I wish SPSS had the ability to draw error bars around the smoothed means (you can draw them around the linear regression lines with quadratic or cubic polynomial terms, but not around the local estimates like `smooth.loess` or `smooth.mean`). I realize they are not well defined and rarely have coverage properties of typical regression estimators – but I rather have some idea about the error than no idea.

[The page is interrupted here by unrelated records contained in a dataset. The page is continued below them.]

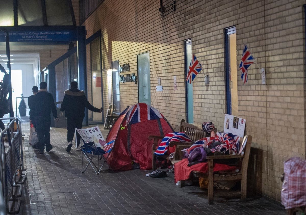 Navdušenci nad monarhijo in mediji v pričakovanju rojstva tretjega otroka para pred bolnišnico čakajo že več dni.
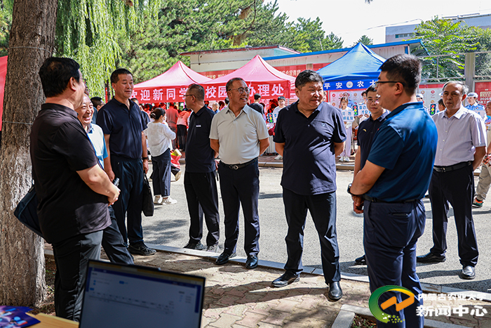 迎新期间,校党委书记陈永胜,党委副书记、校长刘永斌等全体校领导先后深入各个校区“一站式”迎新接待服务点、学生公寓、食堂以及绿色通道办理处,亲切看望前来报到的2025级新生及家长,慰问奋战在迎新一线的工作人员和志愿者。校领导与新生及家长亲切交流,细致询问他们的入学感受与实际需求,耐心解答关于学习生活的疑问。同时向坚守岗位的工作人员与志愿者致以感谢,强调要以“热情、周到、细致”的服务让新生安心、家长放心。
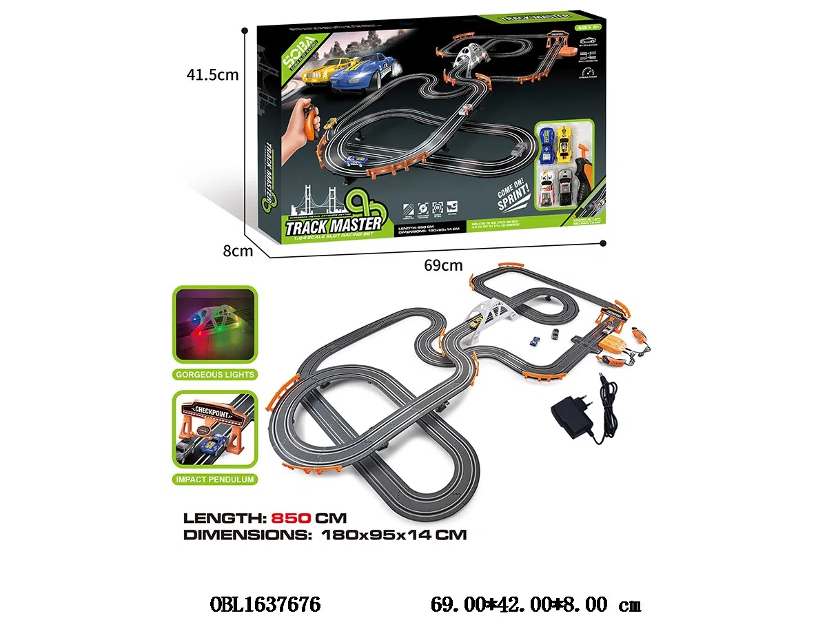 Home > Wire Controlled Railcar > 1: 64 electric racing track racing set with 9V adapter, 2-in-1 power supply, 2 track racing cars/wired remote control, 6 * AA, non battery included
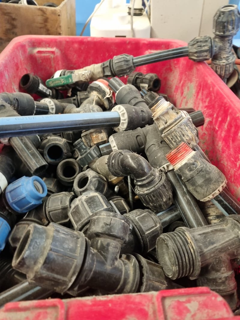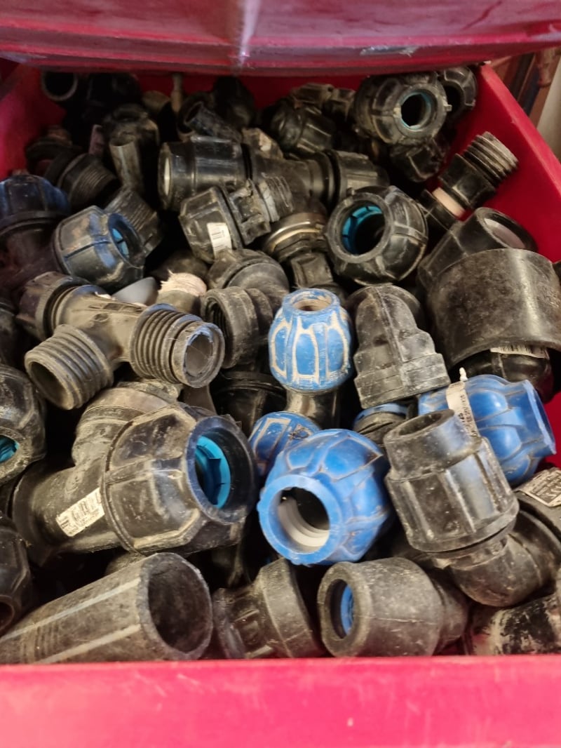Collection of plumbing connectors. The lot includes numerous threaded pipe fittings, compression couplings, union connectors, and various brass and metal fittings in assorted sizes. Several fittings feature blue thread seal tape wrapping.
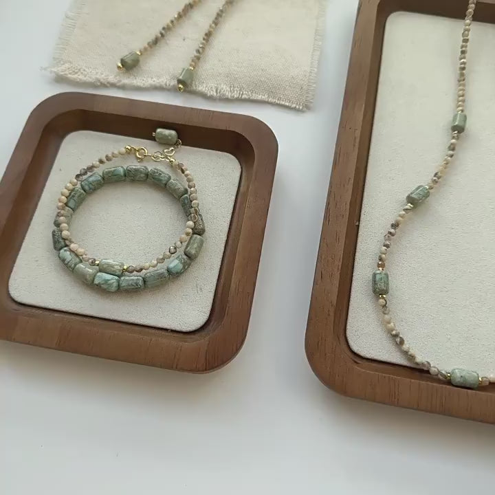 Connaect with nature’s tranquility through Jekira’s handcrafted green gemstone set, where ethically sourced serpentine, peridot, or moss agate beads embody renewal and balance. This versatile collection harmonizes organic textures with minimalist luxury, featuring copper-plated 18K gold accents for enduring elegance.
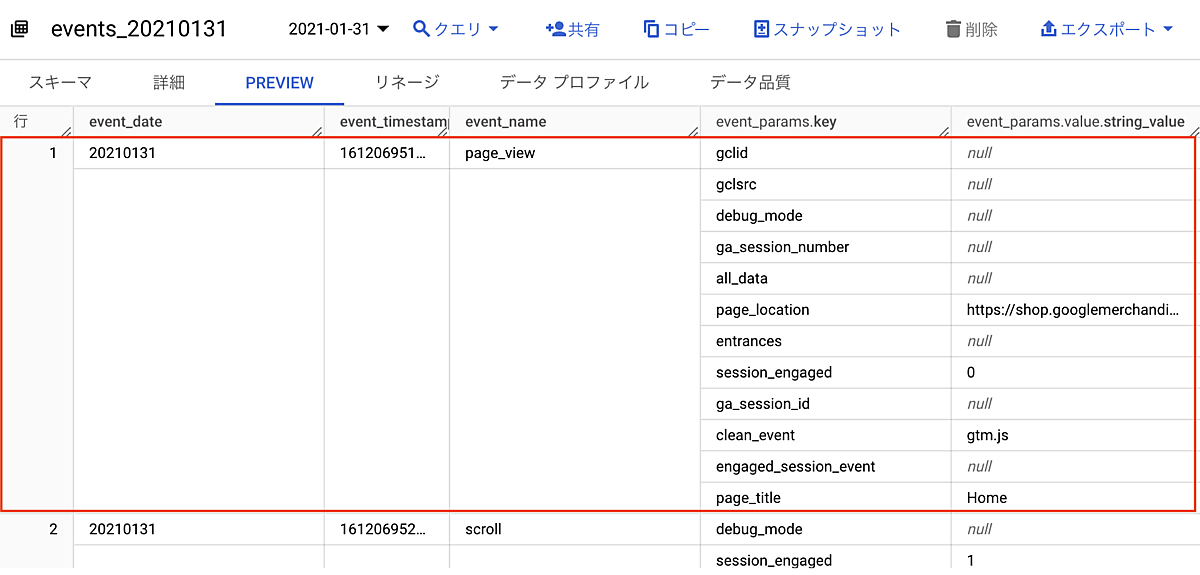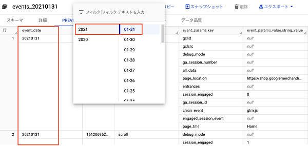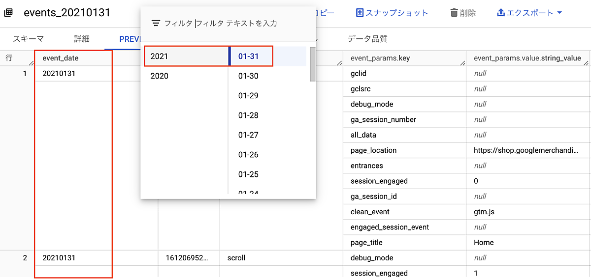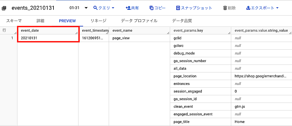 event_dateは、BigQueryのPREVIEW画面で確認すると、“20210131”という形で表示されています。これは日付型(DATE型)ではなく文字列型(STRING型)でイベントが発生した日を記録しているということです。
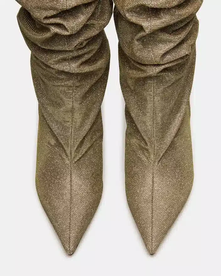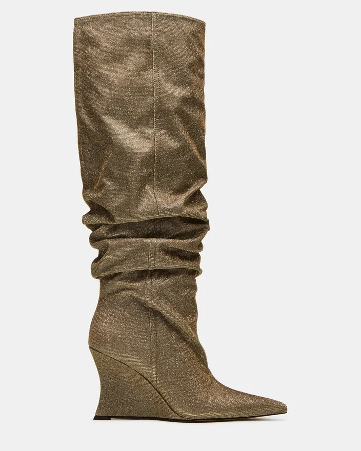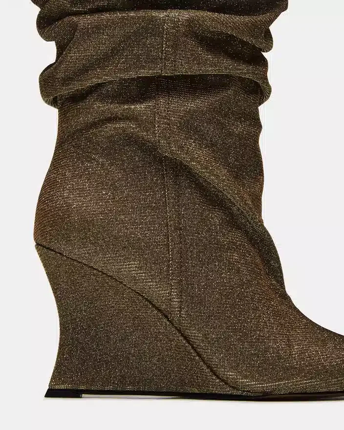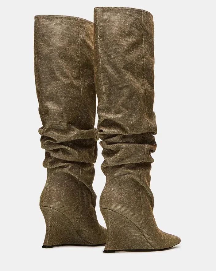 Lo stivale Distortion Gold Glitter presenta un design arricciato, scarpe col tacco e punta affusolata, che arriva all’altezza del ginocchio per una silhouette audace e all’avanguardia. Realizzato per combinare uno stile grintoso con il comfort, questo stivale valorizza qualsiasi outfit con il suo design elegante e il caratteristico supporto a zeppa. Ideale per chi cerca un capo di tendenza che bilancia moda e praticità.
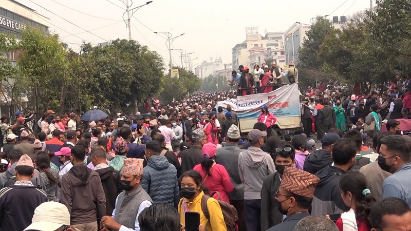 काठमाडौं २५ चैत । काठमाण्डौ केन्द्रित सडक आन्दोलन गरिरहेका शिक्षकहरुले आज कालो मास्क लगाएर मौन प्रदर्शन गरेका छन् । विद्यालय शिक्षा ऐन जारी गर्न माग गरेर चैत २० गते बुधवारदेखि काठमाण्डौ केन्द्रित प्रदर्शन गर्दै आएका शिक्षकहरुले आज कालो मास्क लगाएर मौन प्रदर्शन गरेका हुन् ।

Here is an example using the `ggplot2` library in R. Of course we can work the magic right within SPSS.

``````BEGIN PROGRAM R.
#Grab Data
casedata <- spssdata.GetDataFromSPSS(variables=c("Y","X"))
#ggplot smoothed version
library(ggplot2)
library(splines)
MyPlot <- ggplot(aes(x = X, y = Y), data = casedata) +
geom_jitter(position = position_jitter(height = .04, width = 0), alpha = 0.1, size = 2) +
stat_smooth(method="glm", family="binomial", formula = y ~ ns(x,5))
MyPlot
END PROGRAM.`````` To accomplish the same thing in SPSS you can estimate restricted cubic splines and then use any applicable regression procedure (e.g. `LOGISTIC`, `GENLIN`) and save the predicted values and confidence intervals. It is pretty easy to call the R code though!

I haven’t explored the automatic linear modelling, so let me know in the comments if there is a simply way right in SPSS to get explore such non-linear predictions.